> _Task brief_
What you return should match the material below line for line, except that no image appears in it.

> _Input data_
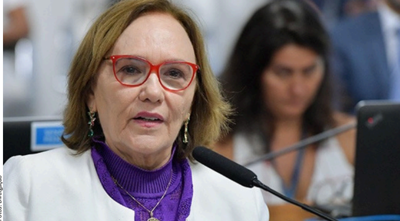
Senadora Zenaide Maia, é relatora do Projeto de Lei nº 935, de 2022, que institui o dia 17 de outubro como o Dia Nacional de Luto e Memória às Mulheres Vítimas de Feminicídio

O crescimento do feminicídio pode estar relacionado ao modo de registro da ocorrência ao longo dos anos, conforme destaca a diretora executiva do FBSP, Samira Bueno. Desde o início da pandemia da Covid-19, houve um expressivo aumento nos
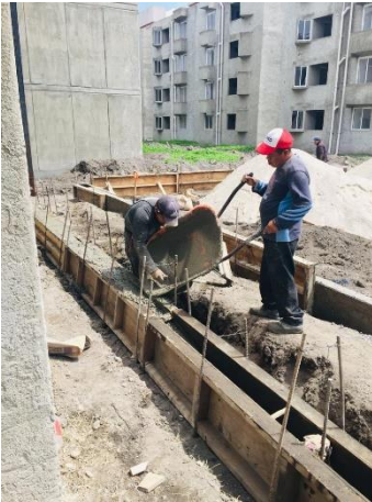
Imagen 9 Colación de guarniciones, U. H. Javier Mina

> _Solution to the problem_
Senadora Zenaide Maia, é relatora do Projeto de Lei nº 935, de 2022, que institui o dia 17 de outubro como o Dia Nacional de Luto e Memória às Mulheres Vítimas de Feminicídio

O crescimento do feminicídio pode estar relacionado ao modo de registro da ocorrência ao longo dos anos, conforme destaca a diretora executiva do FBSP, Samira Bueno. Desde o início da pandemia da Covid-19, houve um expressivo aumento nos
Imagen 9 Colación de guarniciones, U. H. Javier Mina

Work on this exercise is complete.